51 Second, as noted by the primary judge inconsistencies regarding this incident were among a number of inconsistencies the Tribunal identified in the appellant's evidence. The Tribunal found that many of the appellant's claims and much of their evidence was at odds with the available country information, including in relation to the extent and consequences of the second appellant's union involvement, the number of times he was arrested and taken to a military camp and the bases for any such arrests, the extent and nature of the appellants political associations and involvement, the circumstances surrounding the arrest of their son, and as to the extent, timing and potential consequences of their use of social media. The Tribunal thus logically and rationally articulated its basis for determining that the appellants lacked credibility.
52 Third, as submitted by the Minister and accepted by the primary judge at [24]-[25], the relevance of an incident unconnected with the first appellant's claims for protection is unclear.
53 For completeness, even if unreasonableness was made out, I am not persuaded that the error was material.

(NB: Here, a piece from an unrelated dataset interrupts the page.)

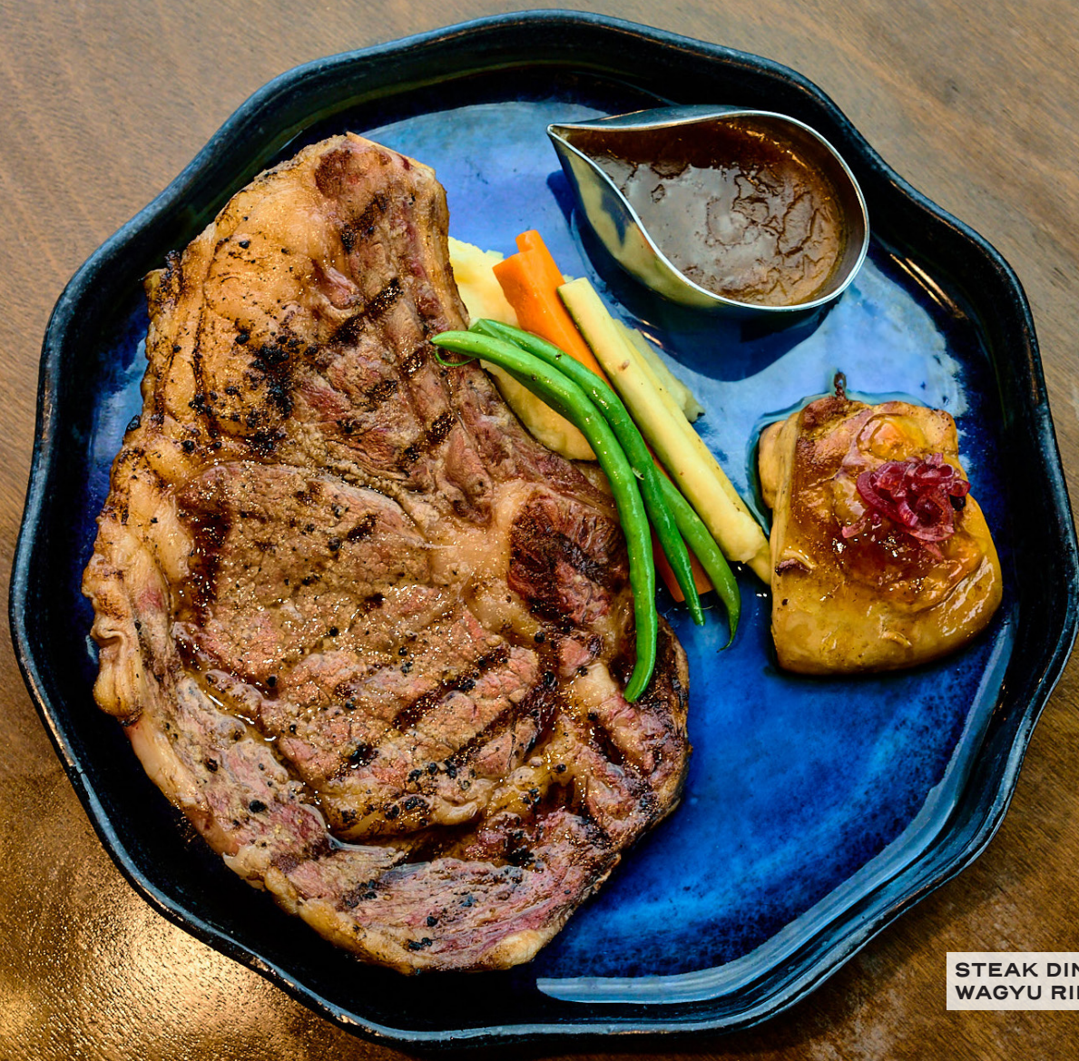
STEAK DINNER WAGYU RIBEYE

While the threshold for establishing materiality is low, and the applicant need only prove that there is a realistic possibility that a different decision could have been made, it is difficult to see how the findings in relation to the incident at the military barracks was material when considering the reasons in their entirety (Nathanson v Minister for Home Affairs [2022] HCA 26; 403 ALR 398 at [47] (Gageler J); Minister for Immigration & Border Protection v SZMTA [2019] HCA 3; 264 CLR 421 at [45] (Bell, Gageler and Keane JJ).
54 The ground has not been made out. The primary judge was correct in concluding that the Tribunal's finding in respect of which the appellants complain does not give rise to jurisdictional error.